Creating Custom Scraping Scripts with Ruby and Nokogiri

Want to extract data from websites without relying on third-party tools? This guide will show you how to create custom web scraping scripts using Ruby and Nokogiri. Here's what you'll learn:

Why Ruby and Nokogiri?: Ruby's simple syntax and Nokogiri's powerful HTML/XML parsing make them ideal for scraping tasks.
Setup Made Easy: Step-by-step instructions for installing Ruby, Nokogiri, and essential dependencies on Windows, macOS, and Linux.
Scraping Basics: Learn how to fetch web pages, parse HTML, and extract data using CSS selectors or XPath.
Advanced Techniques: Handle JavaScript-heavy sites, manage errors, and optimize performance for large-scale scraping.
Legal and Ethical Practices: Stay compliant with laws and avoid getting blocked by websites.

Quick Comparison: Ruby/Nokogiri vs. InstantAPI.ai

Feature	Ruby & Nokogiri	InstantAPI.ai
JavaScript Handling	Requires extra setup	Automatic
Proxy Management	Manual configuration	Built-in
CAPTCHA Solving	Additional libraries	Fully automated
Ease of Use	Full control, more effort	Quick and beginner-friendly
Cost	Free (self-managed)	Pay-per-use plans

Whether you're building a small scraper for personal projects or need a scalable solution for enterprise tasks, this guide has you covered.

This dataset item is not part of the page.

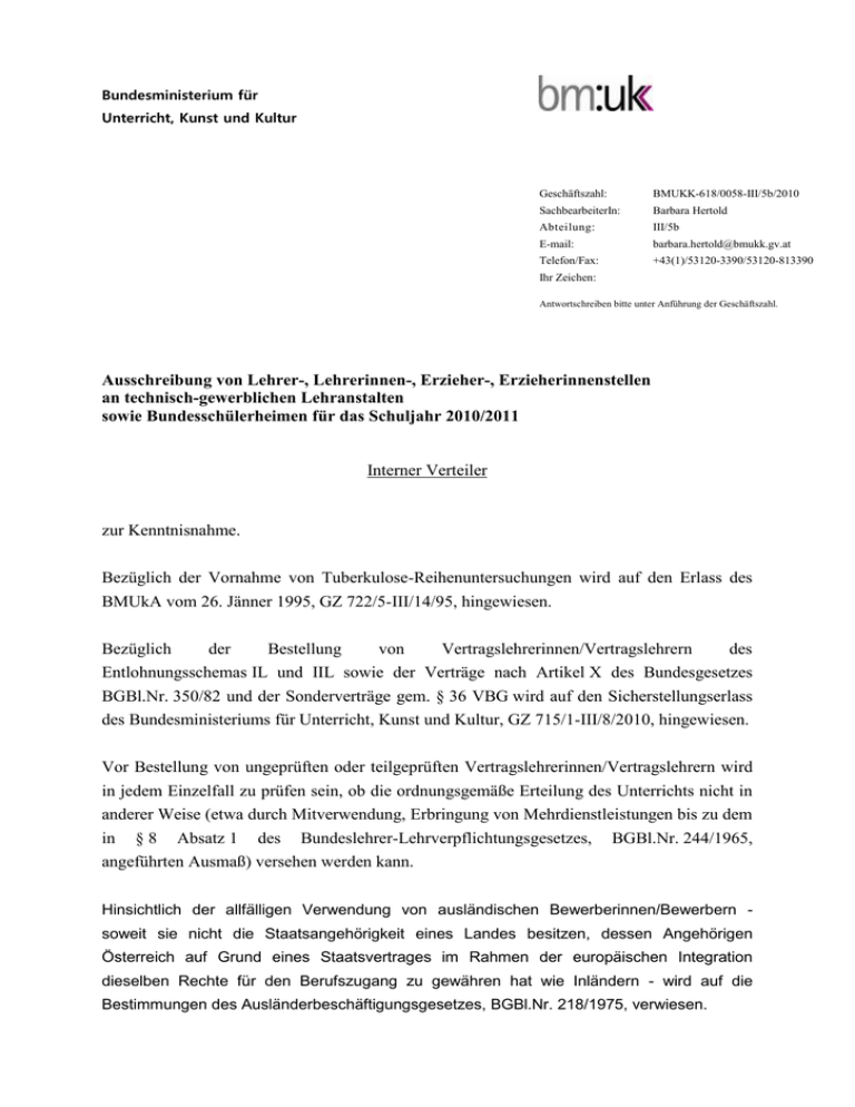 Bundesministerium für Unterricht, Kunst und Kultur Geschäftszahl: BMUKK-618/0058-III/5b/2010 SachbearbeiterIn: Barbara Hertold Abteilung: III/5b E-mail: [email protected] Telefon/Fax: +43(1)/53120-3390/53120-813390 Ihr Zeichen: Antwortschreiben bitte unter Anführung der Geschäftszahl. Ausschreibung von Lehrer-, Lehrerinnen-, Erzieher-, Erzieherinnenstellen an technisch-gewerblichen Lehranstalten sowie Bundesschülerheimen für das Schuljahr 2010/2011 Interner Verteiler zur Kenntnisnahme. Bezüglich der Vornahme von Tuberkulose-Reihenuntersuchungen wird auf den Erlass des BMUkA vom 26. Jänner 1995, GZ 722/5-III/14/95, hingewiesen. Bezüglich der Bestellung von Vertragslehrerinnen/Vertragslehrern des Entlohnungsschemas IL und IIL sowie der Verträge nach Artikel X des Bundesgesetzes BGBl.Nr. 350/82 und der Sonderverträge gem. § 36 VBG wird auf den Sicherstellungserlass des Bundesministeriums für Unterricht, Kunst und Kultur, GZ 715/1-III/8/2010, hingewiesen. Vor Bestellung von ungeprüften oder teilgeprüften Vertragslehrerinnen/Vertragslehrern wird in jedem Einzelfall zu prüfen sein, ob die ordnungsgemäße Erteilung des Unterrichts nicht in anderer Weise (etwa durch Mitverwendung, Erbringung von Mehrdienstleistungen bis zu dem in § 8 Absatz 1 des Bundeslehrer-Lehrverpflichtungsgesetzes, angeführten Ausmaß) versehen werden kann. BGBl.Nr. 244/1965, Hinsichtlich der allfälligen Verwendung von ausländischen Bewerberinnen/Bewerbern soweit sie nicht die Staatsangehörigkeit eines Landes besitzen, dessen Angehörigen Österreich auf Grund eines Staatsvertrages im Rahmen der europäischen Integration dieselben Rechte für den Berufszugang zu gewähren hat wie Inländern - wird auf die Bestimmungen des Ausländerbeschäftigungsgesetzes, BGBl.Nr. 218/1975, verwiesen. -2- Für die Bestellung von Bewerbern/Bewerberinnen als so genannte "lebende Subvention" wird auf die §§ 20 Absatz 1 und 21 Absatz 3 des Privatschulgesetzes, BGBl.Nr. 244/1962, in der geltenden Fassung, hingewiesen. Weitere Ausschreibungen können während des Schuljahres 2010/2011 von den Landesschulräten/Stadtschulrat vorgenommen werden. Beilage Wien, 19. April 2010 Für die Bundesministerin: Mag. Christian Rubin Elektronisch gefertigt -3- BMUKK-618/0058-III/5b/2010 Bundesministerium für Unterricht, Kunst und Kultur AUSSCHREIBUNG Die allgemeinen Ausschreibungsbedingungen sind der GZ 618/52-III/8/2010 zu entnehmen. An technisch-gewerblichen Lehranstalten sowie Bundesschülerheimen gelangen mit Beginn des Schuljahres 2010/2011 voraussichtlich nachstehende Lehrer- und Lehrerinnen/Erzieher- und Erzieherinnenstellen zur Besetzung. Die in Klammern angeführte Zahl ist die Wochenstundenzahl. Gelangt eine Stelle nicht nur vertretungsweise/vorübergehend, sondern auf Dauer zur Besetzung, wird auf diesen Umstand durch den Vermerk „/D“ hingewiesen. -4- Im Bereich der Zentrallehranstalten: Höhere Bundeslehr- und Versuchsanstalt für Textilindustrie und Datenverarbeitung, 1050 Wien, Spengergasse 20 Deutsch (20), Englisch (20), Geografie und Wirtschaftskunde (20), Kaufmännische/Wirtschaftliche Fächer: WirtschaftspädagogInnen, AkademikerInnen mit Industrie-/Wirtschaftspraxis u. EDV-Erfahrung (42), Islamische Religion (24), Techn. Mathematik und Darstellende Geometrie (21), Angew. Programmierung: InformatikerIn mit mehrjähriger Erfahrung in der Programmiersprache JAVA, C#, und NET Grundlagen der Softwareentwicklung (60), Netzwerktechnik: Kenntnissen sowie Erfahrung im Fachschulbereich: AkademikerInnen mit ausgezeichneten Netzwerktechnikbereich (16), Werkstättenlabor im Hardware-Laboratorium/Hardware-Praktikum/Computerpraktikum: Elektronikerin/Elektroniker oder Nachrichtentechnikerin/Nachrichtentechniker bzw. Akademikerin/Akademiker mit sehr guten PC-Hardwarekenntnissen (Konfiguration, Reparatur, Erstellung von Platinen) und Kenntnissen sowie Erfahrung in Telekommunikation (60), Multimediatechnik, Multimedia-Hardware, Multimediapublikationen und Medienwirtschaft: InformatikerInnen mit praktischer Erfahrung in Bild- u. Tonverarbeitung sowie im MultimediaHardwarebereich; Kommunikation in Netzwerken (38), Standardsoftware & Webapplikationen Techn. Informatik und Computerpraktikum: mit ausgezeichneten Kenntnissen bei Standardsoftware (41), Hardware-Laboratorium und Hardwarepraktikum, Computerpraktikum: ElektronikerIn oder NachrichtentechnikerIn bzw. AkademikerIn (Computerpraktikum) mit sehr guten PC-Hardwarekenntnissen (Konfiguration, Reparatur, Erstellung von Platinen) u. Kenntnissen sowie Erfahrung in Telekommunikation (9), Dessinatur der Weberei: TextiltechnikerIn (WeberIn), Fachwissen im Bereich der Jacquard- und Schaftweberei, Branchenübliche Softwarekenntnisse für den Bereich Gewebesimulation und Steuerung sowie mehrjährige Erfahrung im Dekorstoffbereich erforderlich. BewerberInnen mit Erfahrung im Bereich der Wartung und Instandhaltung von Textilmaschinen (Web-, Strick und Spinnmaschinen) Werden bevorzugt gereiht (30), Mediendesign (3D): 3D-Artist; Fachwissen im Bereich der 3-dimensionalen Raum-, Character- und Produktvisualisierung sowie Animation. Branchenübliche Softwarekenntnisse (Adobe Creative Suite 4 / Autodesk 3dsMax, oder/und Autodesk Maya) erforderlich. BewerberInnen mit Erfahrung in multimedialen Betrieben (Gamadesign/Film- und Animationstudios) werden bevorzugt gereiht (42), GrafikdesignerIn: Entwurfsprojekt – Darstellung und Komposition: DesignerIn mit Praxis im Bereich angewandter und Bildender Kunst. Branchenübliche Softwarekenntnisse (Adobe Creative Suite 3) erforderlich. BewerberInnen mit Textildesign-, Organisations- und Wettbewerbserfahrung werden bevorzugt gereiht (30), CutterIn/Editor – Kamerafrau/-mann: Technologie der Medien – Mediendesign – Digitale Bildbearbeitung – Entwurf (Audiovisuelles -5Mediendesign): Filmschaffende mit Praxis im Bereich angewandter und bildender Kunst Branchenübliche Softwarekenntnisse insbesondere Postproduction (Adobe Creative Suite 4, Premiere, After Ef

Scraping the Web with Ruby - Part 1

Setup Requirements

Before starting with web scraping, you need to set up your development environment correctly. Here's a step-by-step guide for different operating systems.

Ruby and Nokogiri Installation

The installation process depends on your operating system. Follow the instructions below:

Operating System	Ruby Installation	Nokogiri Installation	Notes
Windows	Use RubyInstaller with DevKit	`gem install nokogiri` (or `gem install nokogiri --platform=ruby -- --use-system-libraries`)	Ensure Ruby is added to your system PATH.
macOS	`brew install ruby`	`gem install nokogiri` (or `gem install nokogiri --platform=ruby -- --use-system-libraries`)	You may need to install `libxml2` and `libxslt` using Homebrew: `brew install libxml2 libxslt`.
Ubuntu/Debian	`sudo apt-get install ruby-full`	Install dependencies: `sudo apt-get install pkg-config libxml2-dev libxslt-dev`, then run `gem install nokogiri --platform=ruby -- --use-system-libraries`.
Fedora/Red Hat/CentOS	`sudo yum install ruby`	Install dependencies: `dnf install -y zlib-devel xz patch`, then run `gem install nokogiri --platform=ruby`.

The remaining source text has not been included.